Light blogging through the New Year doesn’t mean that we can’t share a good laugh. Fortunately, the humorless “reform” community is always there to play straight man!
Here is the headline on the Campaign Legal Center’s report on the this week’s decision Wisconsin Right to Life v. FEC: “Federal Panel Issues Divided Opinion in WRTL v. FEC, et al.” In the body of the article, they describe this as a “split decision.”
Sorry, guys, the opinion was not divided; the decision was not split. You got slammed. Now the panel was divided – 2-1 – but the opinion of the majority was pretty clear, and it was a clean sweep for plaintiff Wisconsin Right to Life:
Standing – you lost.
Ripeness – you lost.
Mootness – you lost.
Merits – you lost!
We may be wrong, but we’re pretty sure a 2-1 opinion has just as much force of law as a 3-0 opinion. But maybe we’re wrong. Perhaps the 5-4 Supreme Court opinion in McConnell v. FEC no longer counts!

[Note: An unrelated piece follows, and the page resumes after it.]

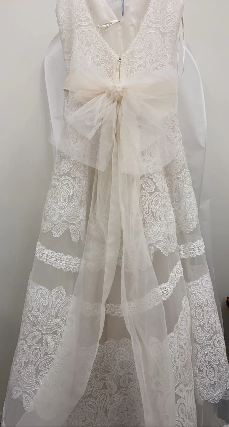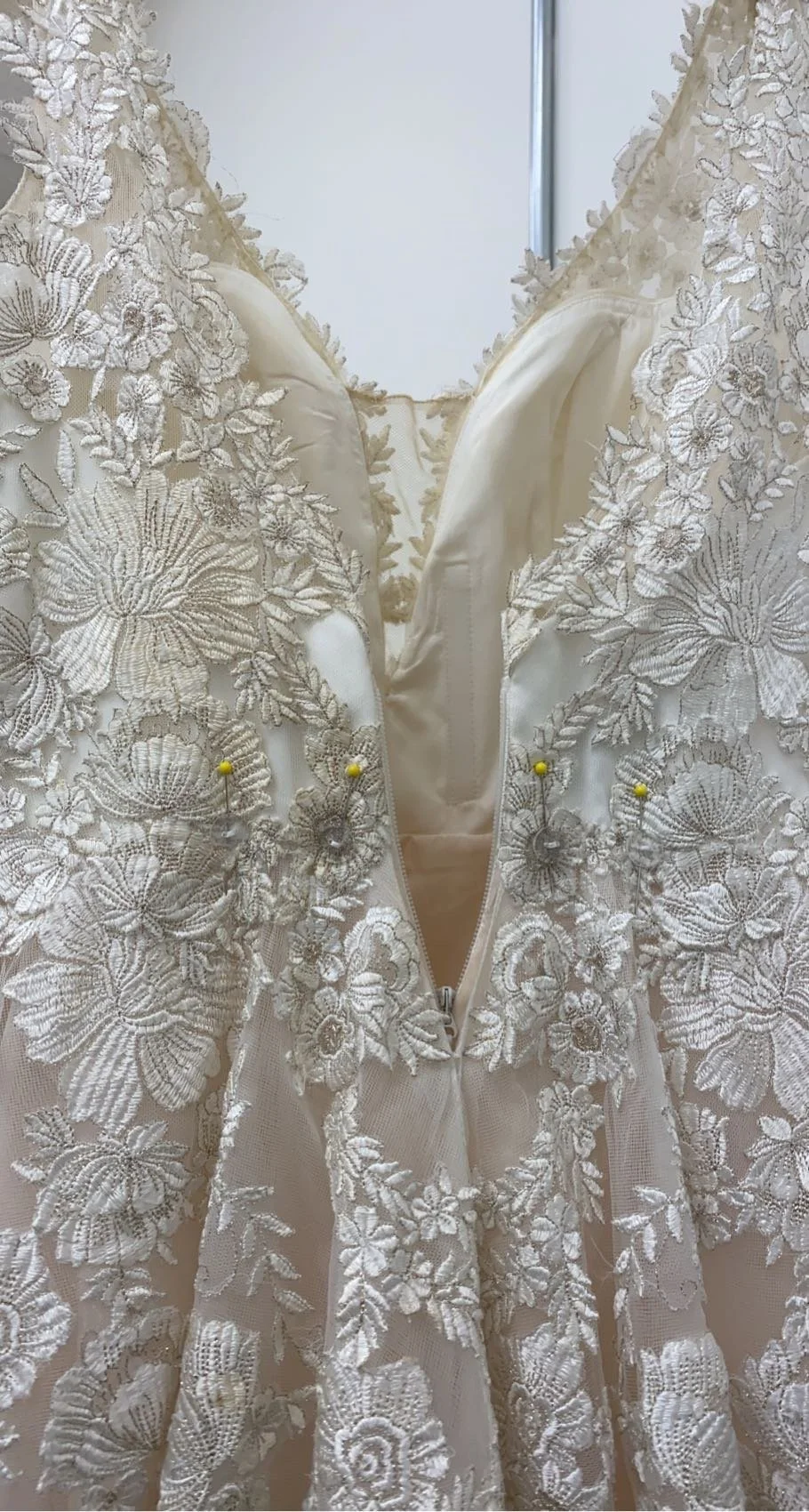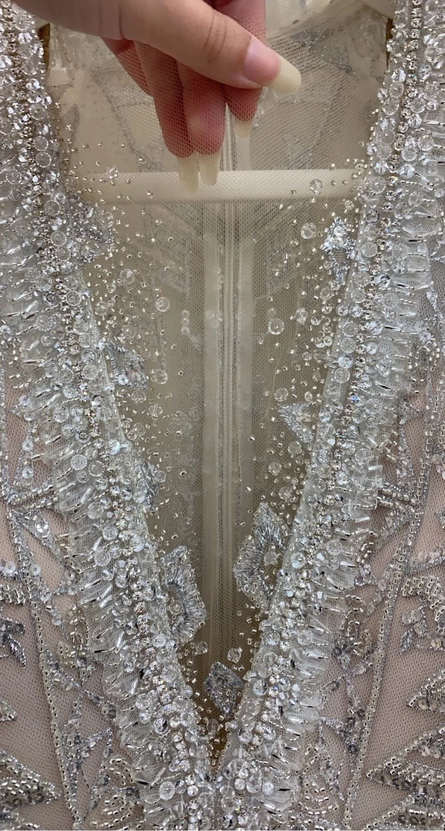 Bride wanted more coverage and detail but still showcase the plunging neckline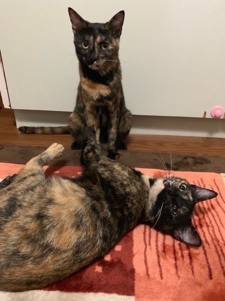 | 特徴(性格など) | 見た目も性格もユニークな姉妹です。 お姉ちゃんは、なによりも人が大好きで、他の猫ちゃんとも上手に距離を取りトラブルもなく控えめな子です。 妹は、新しいことが好きで猫らしい気紛れな子です。 |

We print this to chuckle, not to gloat: we are all to aware that this case is likely to go before the Supreme Court, where a different result may ensue. And we here at CCP may then be very disappointed in that decision. If so, we will express our criticisms, and where we think the Court got it wrong. But we will, at least, describe the opinion accurately.